Update: 5:45 p.m. April 23, 2013
Kamloops city council agreed to accept the letter of Jacques Desjardins as information Tuesday afternoon, but would not agree to enter in to an agreement with the Brocklehurst resident that would see the city take full responsibility for any damages resulting from a recently installed water meter.
Desjardins stood before council and pled his case, noting he did not ask for anyone to come on to his property to install any equipment.
"I can't hire a plumber to come do work on your property without you knowing about it," Desjardins told council, "I don't know if private property has a different meaning in B.C. than where I come from."
He admitted his concern over health, "might be pushing it a little bit," but after reading an article about a lady who got sick and puts some blame on water meters it has had him thinking of the potential problems.
Several councillors talked about insurance and how insurance plans are meant to help cover many of the issues Desjardins is concerned about and Mayor Peter Milobar summed up many of the concerns.

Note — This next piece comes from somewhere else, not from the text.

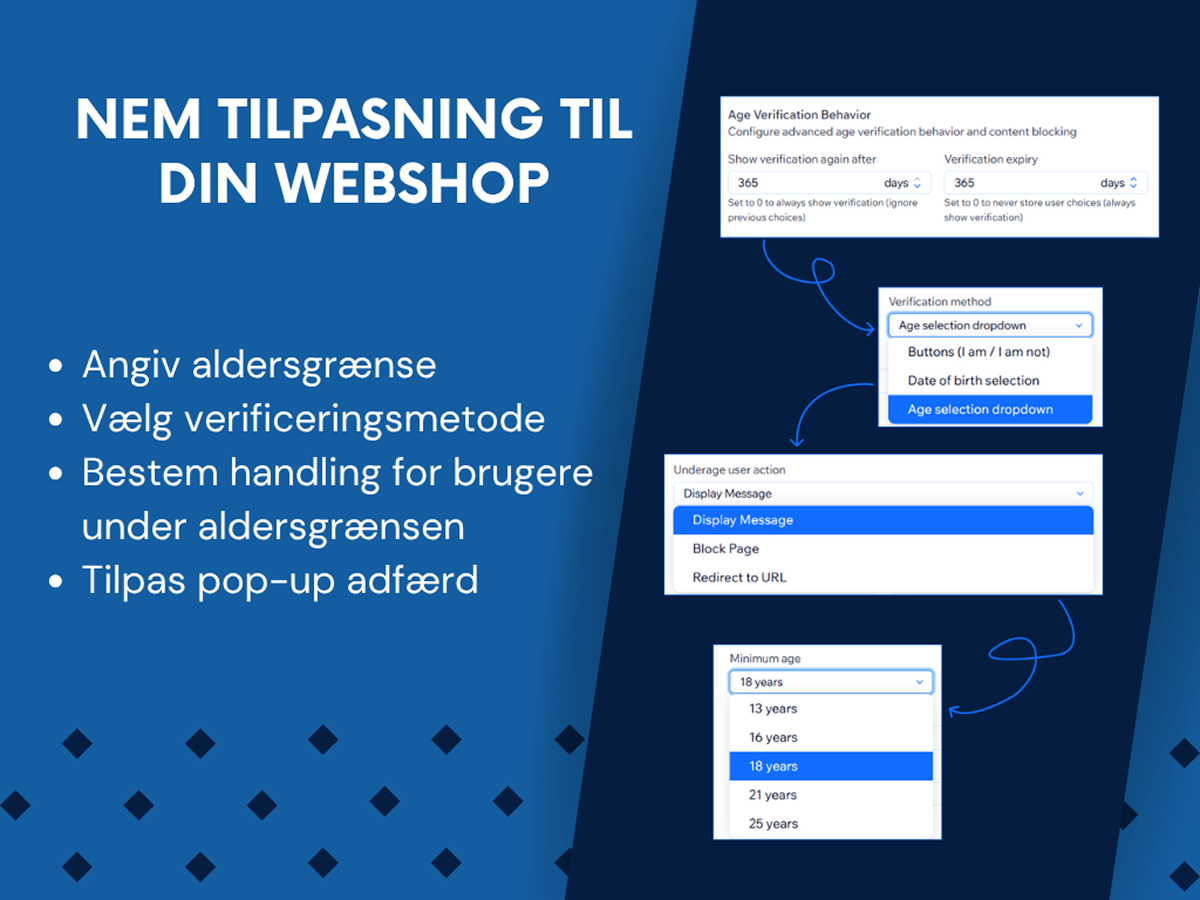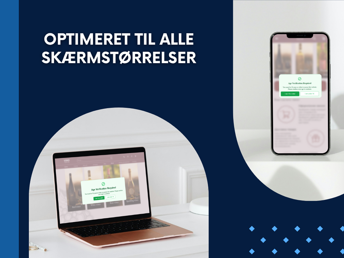 Besøgende kan bekræfte deres alder via simple ja/nej-valg eller ved at indtaste deres fødselsdato, hvilket giver en smidig og respektfuld brugeroplevelse. Løsningen fungerer problemfrit på alle enheder og husker brugerens valg for at undgå gentagne afbrydelser.

"We have an insurance company, most people have insurance, and as cold hearted as it may sound, that's how it works – the agencies get together and decide who pays – it's not a city council decision. I think the spirit of what's he's (Desjardins) concerned with is covered off by insurance companies. We do have a process in place, we don't want people to have the assumption that if you have a problem you can come to the city and the city can pay for it."
10:24 a.m. April 22, 2013
Kamloops resident feels hosed by water meters
A Kamloops man is demanding the City of Kamloops take responsibility for any future water leaks on his property after the city installed a water meter in his home.
Jacques Desjardins has tried for several months to get the city to agree to assume liability for work done and this week he is to appear before council still seeking answers.
“Presumably, the city finds the failure risks too high to take any type of responsibility in the matter and I (as an owner) find the risks even higher and cannot assume any risks associated with the potential installation of equipment done by a third party,” Desjardins stated on his delegation request.
The Brocklehurst resident has also asked for any remedial costs associated with any water damage.
Kristen Meersman, streets and capital projects manager for the city, has already told Desjardins the city is responsible for damages due to negligence or if the city is considered legally liable for the loss.
Desjardins remains skeptical because the city hired a third party to install the new water meters. His understanding was installation would be done on city property and not involve any “intrusion in to any private residential dwelling.”
Desjardins will appear before council pleading his case at a regular council meeting Tuesday, April 22.